Quietly, the PGA Tour has recently changed their substance abuse policy, adding blood tests to help weed out duffers using steroids or human growth hormone to bulk up and moving the threshold of a cannabis infraction from 15 nanograms of THC per liter of blood to 150, a 10x increase in accepted THC levels.

In an anonymous article for Golf Digest, one 420-friendly pro says that marijuana use is par for the course on tour, claiming that weed is both readily accepted, and acknowledged as similar to alcohol in its performance impeding effects. Still, on days when he is already out of the running for a tournament’s top spot, but still under obligation to fulfill his professional responsibilities, the unnamed pro says he’ll hit the green before hitting the green as a way to “treat myself to making the day a little more fun, or at least different.” Adding, “I've smoked beforehand with the other players in my group, too.”

Even under the previously stricter tour testing regulations, the article’s author says that a failed test once landed him a trip to Charlotte for a one hour session with a PGA-approved counselor, three more sessions with a local psychologist, and nothing more.

“I was honest but had the impression he couldn't have cared less about my answers. We were just going through the motions, establishing a paper trail that the matter had been addressed,” the incognito pro wrote.

In addition to his own half-hearted counseling session, the author says he knows a handful of other pros who have experienced the exact same slap on the wrist.

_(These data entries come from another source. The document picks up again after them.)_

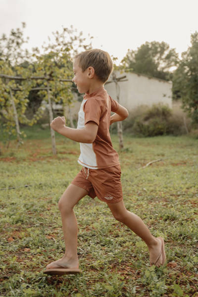 Ta koszulka z krótkim rękawem ochroni malucha przed słońcem podczas zabawy na powietrzu i w wodzie. Niezależnie od tego, czy lubi budować zamki z piasku, czy pluskać się w wodzie, ta elastyczna koszulka zapewni mu wygodę przez cały dzień. Dzięki zamkowi błyskawicznemu jej zakładanie i zdejmowanie jest bardzo proste. Koszulka do kąpieli wykonana jest z poliestru pochodzącego z recyklingu z domieszką elastanu. Dzięki filtrowi UPF 50+ skutecznie chroni przed promieniowaniem UV. Stanowi świetne uzupełnienie do pozostałych produktów Little Dutch z tej kolekcji.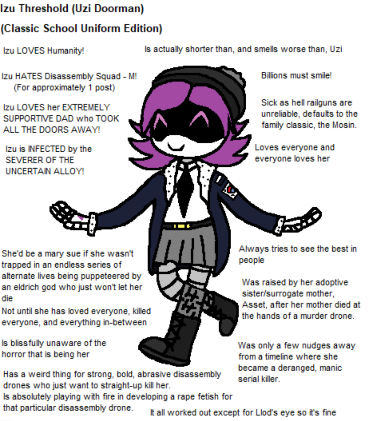 >Be Uzi >Class day >For some unholy reason, the teacher says by school curriculum they’ll have an hour of sex ed >It happens >Whole class is filled with shitty dick jokes from the male classmates >Meanwhile the girls discuss the lesson seriously >Teacher talks about firewalls, deactivating fertility options, all the gist related to drone coding >Uzi thinks >The Solver tism gave her a terrible mix of flesh and metal in one gremlin body >And a stud of a himbo vampire drone boyfriend >At this point she’s lost count how many times this murderbot has taken her to cloud nine during their “alone time moments” >While she’s drowning in horny thoughts, the teacher mentions old illnesses that used to happen to humans with viruses and other nasty stuff >Hours pass >Uzi forgets the whole lesson and later indulges with her drone bf >pipe sound.mp3 >Days later >She wakes up with a terrible itch down there >Dear robot lord in Christ, what the fuck >Goes straight to the drone hospital >Doctor is confused >He’s never seen this happen with drones before >But I guess Solver users get some extra "life inside them" >He advises absolutely no contact for days until full recovery >The next days are filled with uncomfortable agony for Uzi >N gets a chastity cage until he recovers >Her lesson here is: >Practice safe sex with your partner
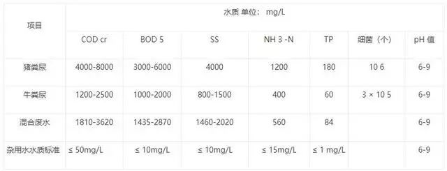 以山西省某市要新建一座豬、牛養(yǎng)殖場為例,該養(yǎng)殖場規(guī)模為:年養(yǎng)豬3000頭,養(yǎng)牛2000頭。廢水水量為1500m3/d,水質(zhì)見下表,處理水要求達(dá)到《雜用水水質(zhì)標(biāo)準(zhǔn)》(CJ 25.1-89)。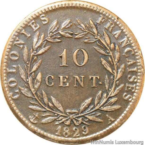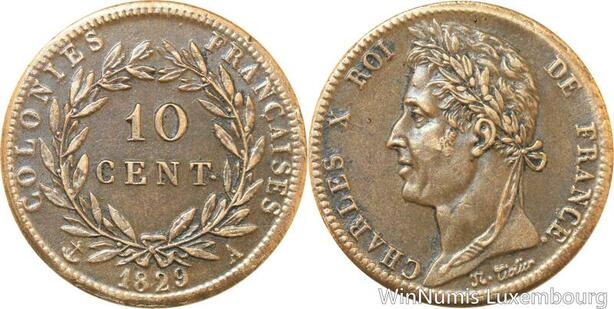 R9850 Rare French Colonies Guadeloupe 10 Centimes Charles X 1829 A Paris SUP

As for the new PGA drug testing policy, the anonymous golfer has already checked with a doctor and estimates that, if he keeps thoroughly hydrated, he’ll be able to smoke 12 days out of the month without passing the 150 nanogram limit, and he plans to do just that.

It’s not quite a full league sanction, but the NFL, NBA and MLB could certainly stand to learn a few things about substance abuse policy reform from their peers in polos and khakis.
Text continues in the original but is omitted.